▶ _Given information_:
++++
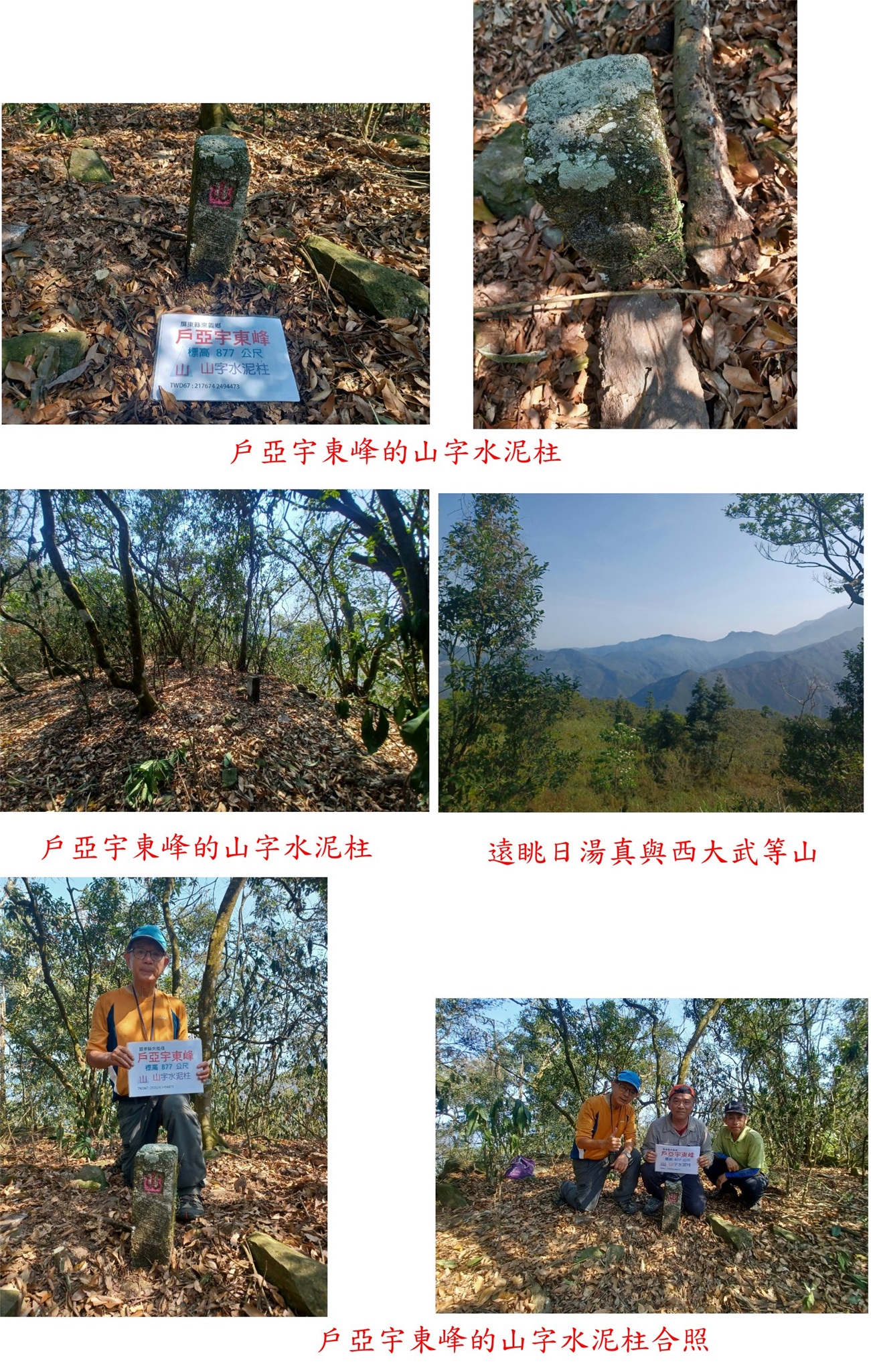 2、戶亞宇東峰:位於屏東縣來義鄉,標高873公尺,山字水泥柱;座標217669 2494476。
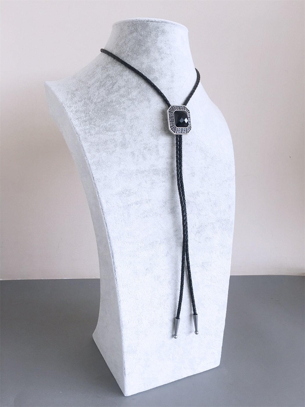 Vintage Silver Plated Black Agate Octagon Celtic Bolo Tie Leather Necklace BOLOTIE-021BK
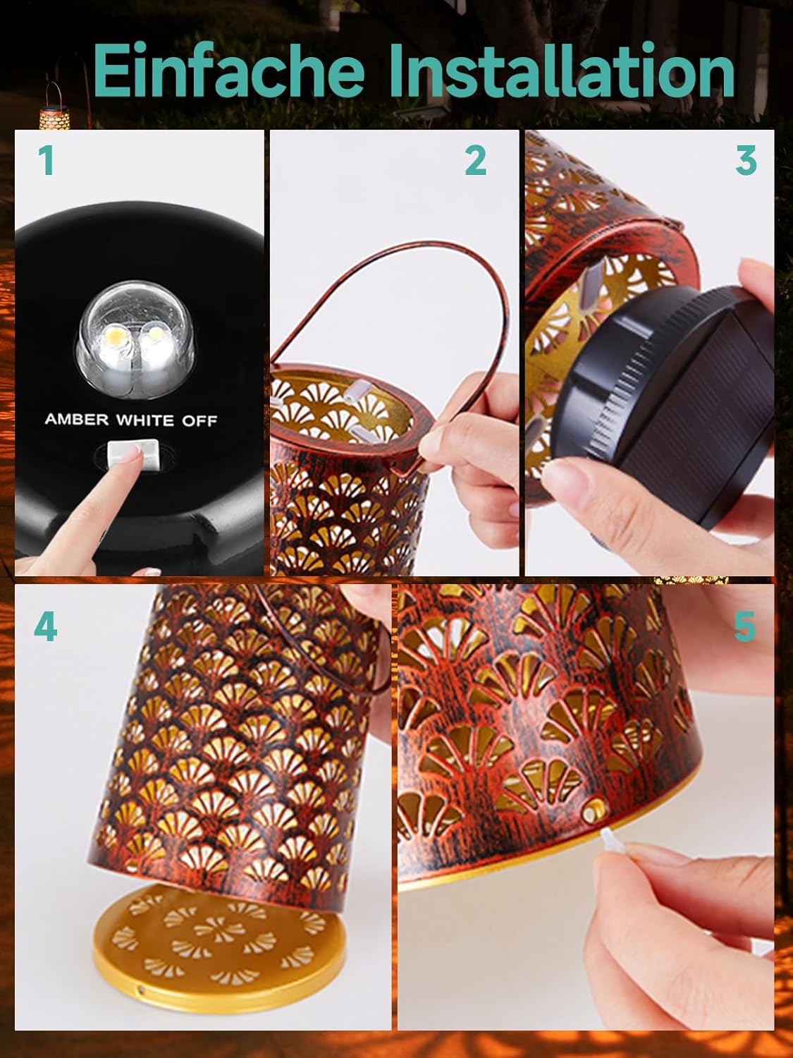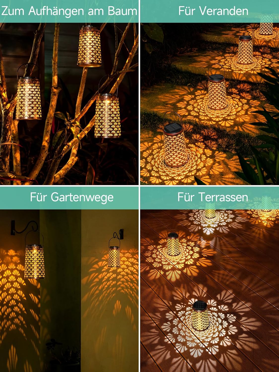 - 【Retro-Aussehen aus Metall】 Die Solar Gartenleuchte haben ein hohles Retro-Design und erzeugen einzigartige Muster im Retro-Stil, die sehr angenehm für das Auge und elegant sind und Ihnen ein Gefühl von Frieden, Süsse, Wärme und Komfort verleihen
++++
▶ _Task_: Pictures excluded, copy the lines exactly from where the material starts to the line with "Vintage Silver Plated", inclusive.

▶ _Answer section_:
 2、戶亞宇東峰:位於屏東縣來義鄉,標高873公尺,山字水泥柱;座標217669 2494476。
 Vintage Silver Plated Black Agate Octagon Celtic Bolo Tie Leather Necklace BOLOTIE-021BK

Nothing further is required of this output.